# Bass



## bubforever

I'm preparing my tank for the freshwater fish that i'm going to get as previously explained so i've been going out to the local rivers and catching clams, river plants and crawfish. While out today i saw in the shallows some minnow like fish swimming around. I caught a few to put in the tank and believe or not they turned out to be bass fry. My needlefish ate two of them and I'm left with only one. So its in my breeder tank with my guppy fry now. Lets hope it grows to be a trophy bass.


----------



## bubforever

here's an actual pic of it

http://new.photos.yahoo.com/[email protected]/0


----------



## Rick

What size tank?


----------



## bubforever

> What size tank?


30 gallon, most likely i'm going to get a bigger one later.


----------



## Sparky

Yummy.


----------



## Rick

> What size tank?
> 
> 
> 
> 30 gallon, most likely i'm going to get a bigger one later.
Click to expand...

I would think at least a 75 or bigger for something like this.


----------



## bubforever

> What size tank?
> 
> 
> 
> 30 gallon, most likely i'm going to get a bigger one later.
> 
> Click to expand...
> 
> I would think at least a 75 or bigger for something like this.
Click to expand...

Yeah that's what i was thinking, luckly for me this bass is only an inch and a half right now so i have time to save up some money.


----------



## bubforever

Though i wonder what i should be feeding it right now?

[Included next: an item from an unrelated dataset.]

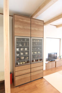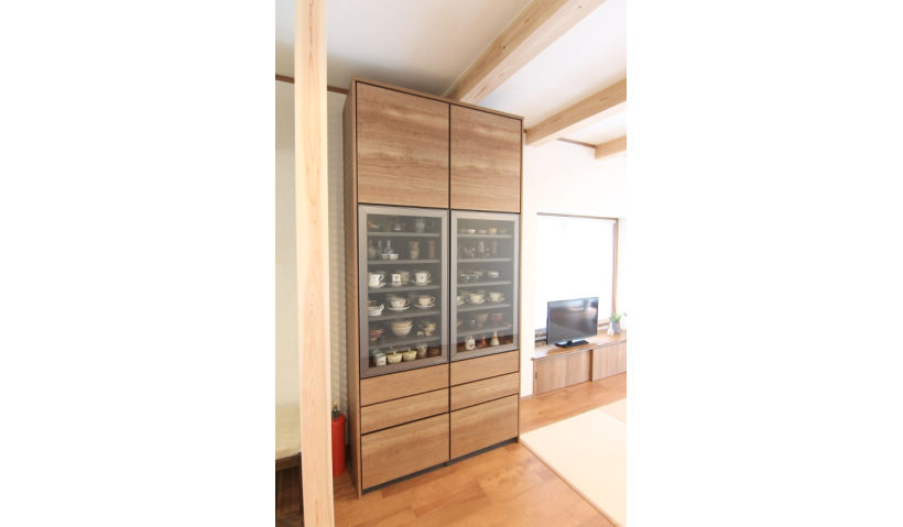 アフター:お客様用の食器はキュビオスを食器棚風にすることで、リビングにも馴染み、魅せる収納に。
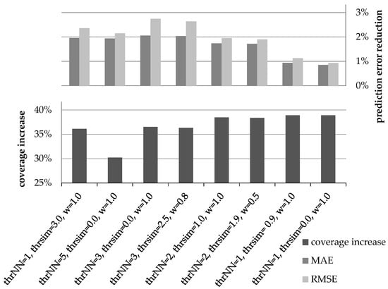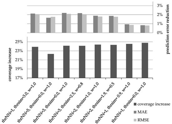The goal of the first experiment is to determine the optimal values for the parameters thrNN, thrsim, and wdr, used in the CFDR algorithm. In order to find the optimal setting for these parameters, we explored different combinations of values for them. In total, more than 30 candidate setting combinations were examined. For conciseness, our presentation is confined to the most indicative settings. For each of the parameter combinations, we present the coverage increase and the improvement of the rating prediction accuracy that were achieved (expressed as reduction to the MAE and RMSE metrics). The results were found to be relatively consistent across the seven datasets tested (for the majority of tests, the parameter value combinations were ranked in the same order across all datasets). Consequently, in this subsection, only the average values of the respective coverage increase and error metrics for the seven datasets are presented.

I have a fresh batch of baby guppies that it should be able to stomach but i'm thinking small bugs like ants (mantids maybe? just kidding  ).


----------



## Rick

Guppie or any other fry would work I am sure. Fruit flies are another good choice.


----------



## robo mantis

I need to know the contact of your sourse! i want some! :x


----------



## bubforever

> I need to know the contact of your sourse! i want some! :x


These i got at the dupage river i went out and caught them myself. Heres the # for the pets etc. i go to (630) 369-1919 keep in mind that they don't get regular shipment of gamefish and i have no idea if they would hold a fish for someone. Also its located in naperville so that may be quite a drive for you robo mantis.


----------



## bubforever

I think the breeder tank may be to small so i going to design an attachment for my tank using a smaller fish tank. I'm taking this tank






turning it so that the curved front is facing down, then cutting most of the top off and putting small slits and a few small openings on the sides for water circulation. then just add some gravel, attach the open part to the side of the tank, and put the bass in. Hopefully if it works it will feel a bit more like the shallow waters i found him/her in.


----------



## robo mantis

Hmm its kinda far. How you catch them? wading?


----------



## hibiscusmile

Wow good idea, I use to have over 2 foot bass in my lake, but I had it emptied a few years ago and cleaned out, every one who wanted the fish never showed up... @$#% so they all died........whaaaaaaaaa  now I have a lake full of frogs and nothin to eat the tadpoles. Sometimes a crane comes by to fish, but doesn't stay now that the fish are all tiny:{


----------



## bubforever

Is it a manmade lake?


----------



## bubforever

I'm starting to have second thoughts about whether or not what i caught is really a bass fry. I went out again to the river and caught some more and in one of the schools of what i thought were fry was something that looked like a pregnate female guppy. I don't know if it was coincidence or if i really just caught a bunch of minnows. Oh well i also managed to catch a 3 inch long catfish and a tadpole all of which are in my tank now.


----------



## Rory

I have a channel catfish and it's killed a heron once  But he's almost 3 foot called 'kitty'- a rather fitting name.


----------



## robo mantis

I HAD a catfish for 5 years i think and it just fell over dead one day :?


----------